Desmontar a inflação, o encoberto

A inflação se apresenta como indomável e não o é. Desmontá-la ou reduzi-la a um baixo nível é possível sempre e quando se tomem medidas que também encarem causas que permanecem encobertas. Vale explicitar a natureza dessas causas e a identidade de quem as mantém encobertas.

Muitos sustentamos que a inflação é um fenômeno multicausal, isto é, que várias causas convergem para gerar a inflação. Algumas causas geram e outras impulsionam a inflação. Há causas políticas, econômicas e sociais que se condicionam entre si, mas o crítico é que há causas que se reconhecem abertamente e outras que se mantêm encobertas. Se não se encarassem as causas encobertas será muito difícil desmontar a inflação. Disso tratam as linhas que se seguem.
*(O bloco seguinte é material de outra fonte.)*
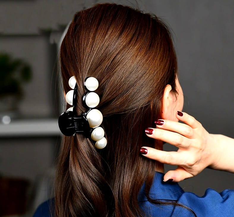 - Izmērs un funkcionalitāte: 10 cm garā sprādze ir pietiekami liela, lai efektīvi noturētu matus, vienlaikus piešķirot frizūrai eleganci.

Sem abandonar a noção que a inflação é um processo complexo multidimensinal, pode ajudar diferenciar níveis explicativos e consequentemente de intervenção. Um desses níveis é o das variáveis macroeconômicas, outro nível refere a como se estruturam e funcionam os mercados (a mesoeconomia), um terceiro nível que não abordamos nesse curto texto é sobre as forças que reproduzem a inflação, entre outras as expectativas que se inseminam nos atores por razões espúrias.

Vale recordar que os atores atuam defendendo interesses materiais junto com uma mescla de reações identitárias, valorativas, ideológicas, uma cambiante diversidade de motivações no momento de tomar decisões. 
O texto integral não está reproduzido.